Assignment →
The material beneath this line should be printed exactly, with its pictures omitted.

:::::

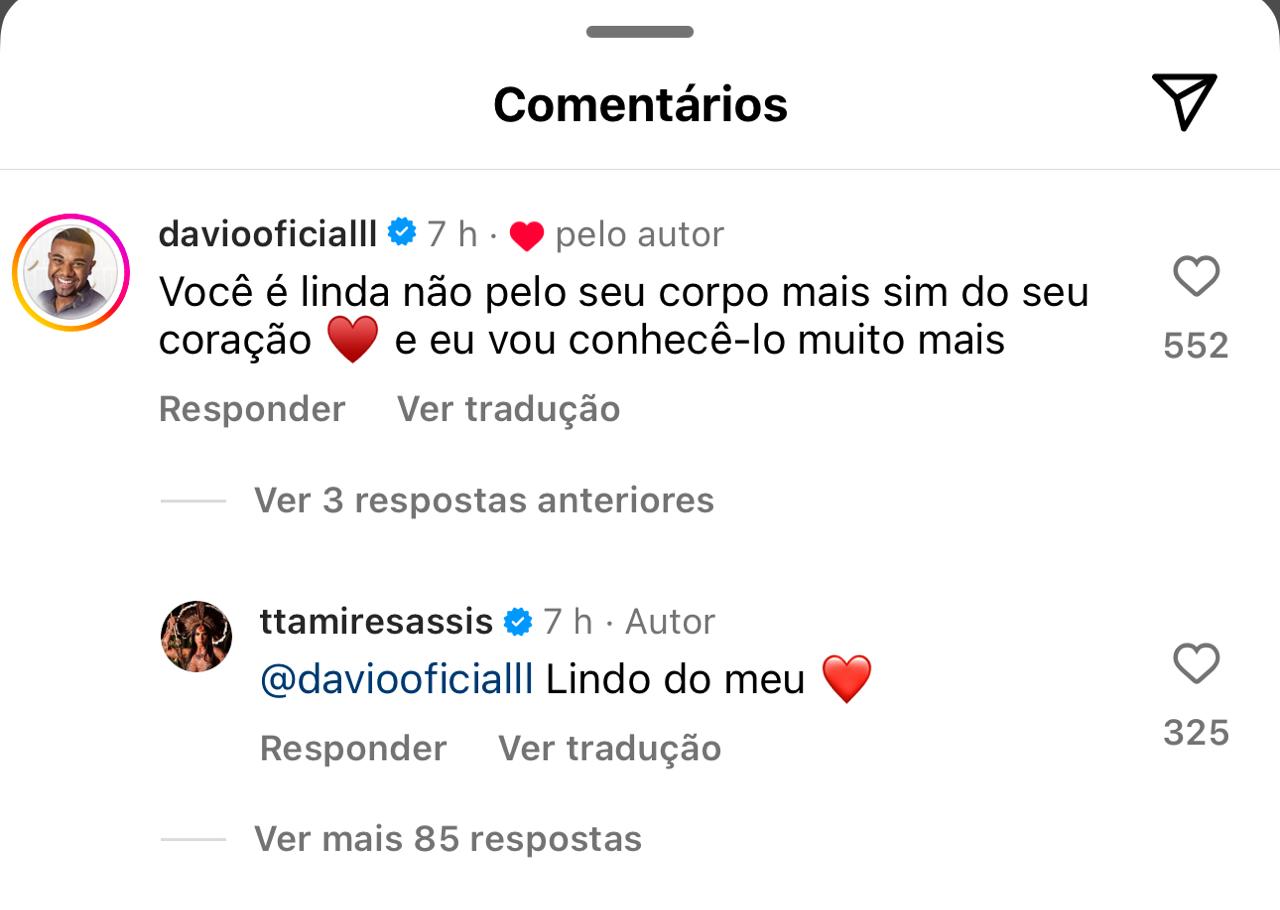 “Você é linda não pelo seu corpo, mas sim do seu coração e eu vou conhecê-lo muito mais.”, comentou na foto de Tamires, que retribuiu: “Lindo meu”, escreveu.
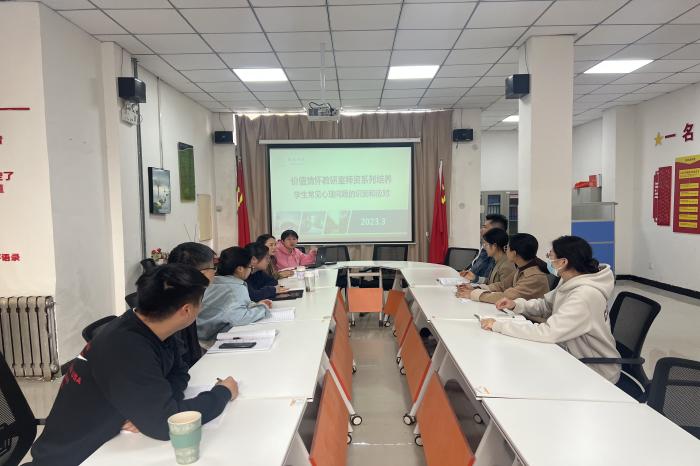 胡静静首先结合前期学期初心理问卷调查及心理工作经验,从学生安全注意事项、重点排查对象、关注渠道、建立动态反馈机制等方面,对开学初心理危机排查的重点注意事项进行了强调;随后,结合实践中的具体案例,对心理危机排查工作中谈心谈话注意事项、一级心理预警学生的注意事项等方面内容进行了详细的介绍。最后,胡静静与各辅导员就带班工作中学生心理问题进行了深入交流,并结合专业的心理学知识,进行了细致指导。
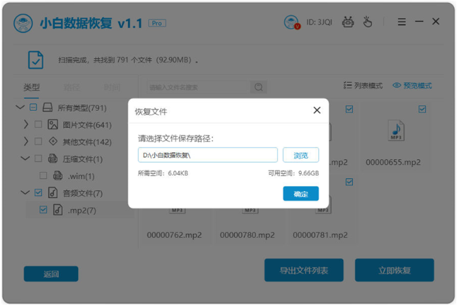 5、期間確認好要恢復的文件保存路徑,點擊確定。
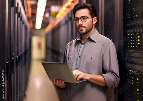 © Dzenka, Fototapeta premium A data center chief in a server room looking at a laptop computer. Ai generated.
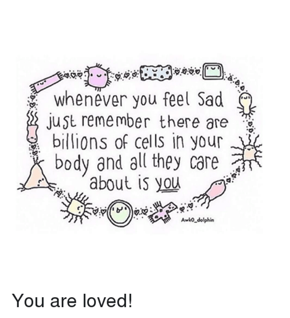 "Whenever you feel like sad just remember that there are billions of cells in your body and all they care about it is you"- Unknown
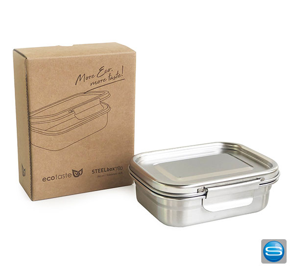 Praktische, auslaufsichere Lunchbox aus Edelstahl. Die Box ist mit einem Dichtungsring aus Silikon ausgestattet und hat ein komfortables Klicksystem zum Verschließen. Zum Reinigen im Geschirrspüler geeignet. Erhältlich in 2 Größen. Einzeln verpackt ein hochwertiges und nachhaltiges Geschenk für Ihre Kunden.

:::::

Solution to this exercise →
 “Você é linda não pelo seu corpo, mas sim do seu coração e eu vou conhecê-lo muito mais.”, comentou na foto de Tamires, que retribuiu: “Lindo meu”, escreveu.
 胡静静首先结合前期学期初心理问卷调查及心理工作经验,从学生安全注意事项、重点排查对象、关注渠道、建立动态反馈机制等方面,对开学初心理危机排查的重点注意事项进行了强调;随后,结合实践中的具体案例,对心理危机排查工作中谈心谈话注意事项、一级心理预警学生的注意事项等方面内容进行了详细的介绍。最后,胡静静与各辅导员就带班工作中学生心理问题进行了深入交流,并结合专业的心理学知识,进行了细致指导。
 5、期間確認好要恢復的文件保存路徑,點擊確定。
 © Dzenka, Fototapeta premium A data center chief in a server room looking at a laptop computer. Ai generated.
 "Whenever you feel like sad just remember that there are billions of cells in your body and all they care about it is you"- Unknown
 Praktische, auslaufsichere Lunchbox aus Edelstahl. Die Box ist mit einem Dichtungsring aus Silikon ausgestattet und hat ein komfortables Klicksystem zum Verschließen. Zum Reinigen im Geschirrspüler geeignet. Erhältlich in 2 Größen. Einzeln verpackt ein hochwertiges und nachhaltiges Geschenk für Ihre Kunden.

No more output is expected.